If you’re one of those lucky ones whose metabolism is faster than a speeding bullet, you will likely not find this column interesting. But if you are like me, cursed with a slow metabolism and questionable genes you will likely be able to identify with this column.
Growing up, I was of an average and healthy build. Of course, I was quite physically active then and thus I could eat whatever I wanted with impunity. And I did.
My father was of German extraction and my mother’s parents were Swedish. I grew up eating lots of ethnic dishes related to my heritage as well as the standard fare that struggling parents would feed their children. In other words, there was plenty of mashed potatoes, gravy and fatty cuts of meat.
Back then, there was little attention paid to healthy fare and so we often ate foods and food combinations which we now know are incredibly unhealthy.
In particular, I remember griebenschmalz, a dish guaranteed to clog your arteries with just one bite. Griebenschmalz is the rendered fat of any animal. In our case, it was the fat from the cheapest piece of beef one could find. Mom would cut the fat off the meat and then cut it into small cubes. After that, she would throw it in a hot cast iron pan, season it and fry it until it was crispy, just like cracklings.
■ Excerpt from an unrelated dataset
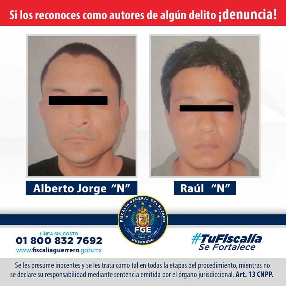 ACAPULCO. — La Fiscalía General del Estado logró sentencia condenatoria de 30 años de prisión y la reparación del daño a las víctimas en contra de Alberto Jorge “N” y Raúl “N”, por el delito de homicidio calificado.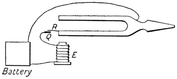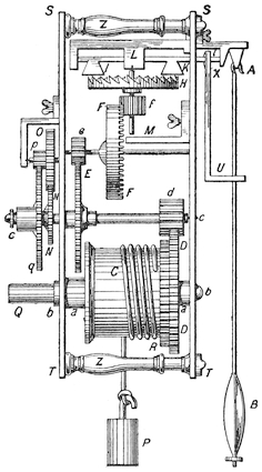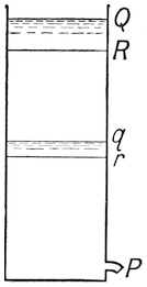 Sun-dials were only available during the hours of the day when the sun was shining. The desire to mark the hours of the night led to the adoption of water clocks, which measured time by the amount of water which escaped from a small hole in a level of water. Some care, however, is required to secure correct registration. For suppose that we have a vessel with a small pipe leading out near the bottom, then the amount of water which will run out of the pipe in a given time depends upon the pressure38 of the water at the pipe, and this depends in its turn upon P Q, the head of water in the vessel. Whence it follows that the division Q R, due to say an hour’s run of the clock at Q R, will be more than q r, the division corresponding to an hour, at q, a point lower down between P and Q, and hence the divisions marked on the vessel to show the hours by means of the level of the water would be uneven, becoming smaller and smaller as the water fell in the vessel.

We kids love grieben, as we called it and we would practically beg for those crispy little bits.
Another favourite also involved grease – and white bread. Mom would bake ribs in the oven until their greasy drippings caramelized in the pan. Of course we loved the ribs, but the best part for us was taking our bread and dragging it through the pork drippings. Can you imagine what a nutritionist would have to say about that nowadays? Oh, wait, I’m not even sure there were nutritionists back then.
But anyway, the point I am trying to make is that we have come a long way from those carefree days when everything wasn’t dangerous for your health, or likely to cause a stroke, cancer, heart attack, seizures, blah, blah, blah.
Yes, I make fun of it, but you see, it wasn’t long before those eating habits, poor nutritional education and genetics caught up with me. By the time I was 25-years-old I was clinically obese. Of course, people back then called me “chunky” or “big.” You know, all the euphemisms for fat and obese.
Mind you, I saw my obesity not as a health issue, but more so as an aesthetics issue and me, being me, simply didn’t care about my weight if it meant I had to meet other people’s visual approval of me.
As I’ve gotten older and wiser I can now see the error of my ways. Actually, it was about 10 years ago when I first attempted weight loss and lost almost 100 pounds in six months by diet and exercise. Of course, I never really learned the true lesson. I learned how to diet, I didn’t really learn about diet and nutrition.
Needless to say, over the following eight years the weight crept up until I was within 10 pounds of my highest weight. I’m not sure why, but one day it suddenly occurred to me that I wanted to lose weight and keep it off.
It’s taken me over two years, but I have now lost 60 pounds. I have a few more to lose, although I have not set a number goal, just simply the goal to eat better and healthier. The very first and likely the hardest lesson I learned is that I did not need to eat the volume of food which I was eating, and secondly, a treat is a treat, not an everyday occurrence.
I still dream of grieben, and I won’t say I will never eat it again. But if I do, it will be balanced by moderation and other healthy eating options. The true secret to losing weight is not just counting calories. For me it was about changing my relationship with food and viewing food from a different perspective.
I have no doubt that this time I will keep the weight off. The lesson has been learned, and more.
Weight loss and healthy nutrition are not about deprivation. I still eat ice cream and other “junk food” occasionally. Weight loss is really about balance.
If you’re thinking about losing weight, I advise you to consult with your physician beforehand.